Sementara itu ada 4 orang lainnya 10 persen responden yang termasuk dalam kategori ideologi gender kuat, berarti hanya 10 persen responden yang
menganggap wanita tidak boleh bekerja di luar rumah. Hasil tersebut menyatakan bahwa pandangan mengenai ideologi gender
yang mencakup ketimpangan peran dalam pekerjaan wanita, serta stereotipe tentang wanita ke dalam wilayah privat domestik sudah tidak dianut lagi oleh
sebagian besar wanita pekerja di Kelurahan Menteng. Sebagian besar 90 persen wanita pekerja di sana mendukung kegiatan wanita dalam sektor publik, hal ini
juga didukung oleh suami dan anggota keluarga mereka. Hasil penelitian yang menyatakan lebih besar jumlah responden yang
kurang menganut ideologi gender, tidak menandakan bahwa nilai atau norma yang berlaku dalam masyarakat hilang. Melemahnya ideologi gender hanya terjadi pada
taraf wanita untuk memperoleh kesempatan bekerja, belum sepenuhnya ideologi gender tersebut melemah, nampak bahwa tetap ada norma yang mendasar
esensial yang berlaku dalam keluarga, hal ini didukung oleh pernyataan pada Tabel 8 halaman 34, nomor 4 dan 9. Pernyataan tersebut ialah “Pekerjaan wanita
ialah di dalam rumah, mengurus keluarga dan anak” Tabel 8, halaman 34, nomor 4 disetujui oleh 41 persen responden. Sementara itu pernyataan “Wanita boleh
bekerja di luar rumah, namun harus dengan izin suami” Tabel 8, halaman 34, nomor 9 disetujui oleh 100 persen responden. Kedua pernyataan tersebut
merupakan pernyataan mendasar yang memiliki nilai kuat dalam ideologi gender dan kedua pernyataan ini banyak disetujui oleh sebagian besar reponden.

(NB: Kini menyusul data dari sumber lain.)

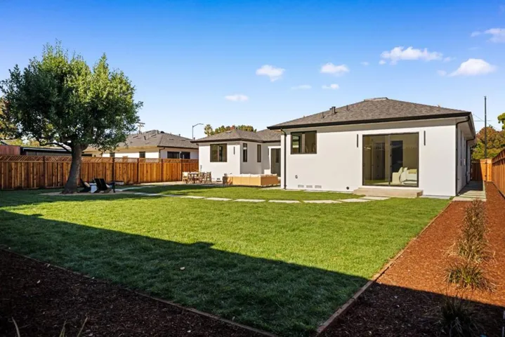 Final Inspection is passed! Welcome to this stunning brand-new single-story home in the heart of Mountain View. 10-year structural warranty! With over 3,300 sq.ft. of living space plus a 450 sq.ft. garage on an expansive 11,000+ sq.ft. lot, this rare find perfectly blends luxury and functionality. The thoughtfully designed open floor plan features 5 bedrooms, including 4 ensuite rooms, and showcases 7 skylights and large sliding glass doors that fill the home with warmth and sunshine. Premium finishes throughout include AB-grade white oak flooring, Marvin windows, 400amp panel, a full Thermador appliance suite, Bespoke cabinetry. With 11-foot high ceilings, custom closets in every bedroom, and seamless indoor-outdoor flow, this home is ideal for both elegant entertaining and everyday comfort. Behind the scenes, no detail was spared, new gas line, whole-house insulation, integrated smart home features, and a water softener system ensure quality and convenience for years to come. Set toward the front of the lot, the property offers an expansive backyard ready for your dream outdoor lifestyle.whether its a pool, garden, or ADU. This residence not only provides modern luxury but also exceptional investment opportunity in one of Silicon Valleys most sought-after neighborhoods.

Hasil tersebut menggambarkan bahwa terdapat nilai-nilai gender yang masih dipegang erat oleh responden, nilai yang tercermin dari pernyataan 4 dan 9
ialah wanita boleh bekerja publik serta mempunyai kesempatan yang luas untuk berkarier namun wanita belum bisa meninggalkan kewajiban untuk mengerjakan
maupun bertanggung jawab terhadap pekerjaan domestiknya. Banyaknya aktivitas dan kegiatan seorang wanita dalam peran publik
tidak menjadi suatu permasalahan selama wanita tersebut bekerja dengan baik dan tidak menyalahi aturan serta norma yang berlaku di masyarakat. Selain itu
tuntutan ekonomi yang semakin mendesak memaksa wanita untuk turut turun dalam sektor publik, sehingga wanita harus melawan ideologi yang selama ini
membebani wanita hanya dengan tugas domestik saja serta wanita yang bekerja dianggap menyalahi norma. Makin majunya pendidikan mengakibatkan semakin
banyak wanita yang berpotensi untuk kerja di sektor publik. Hal ini mengakibatkan wanita memiliki keinginan yang besar untuk aktualisasi diri dan
mengaplikasikan ilmu yang telah dimiliki sehingga norma ideologi gender tentang wanita kerja yang seharunya bekerja domestik saja diabaikan.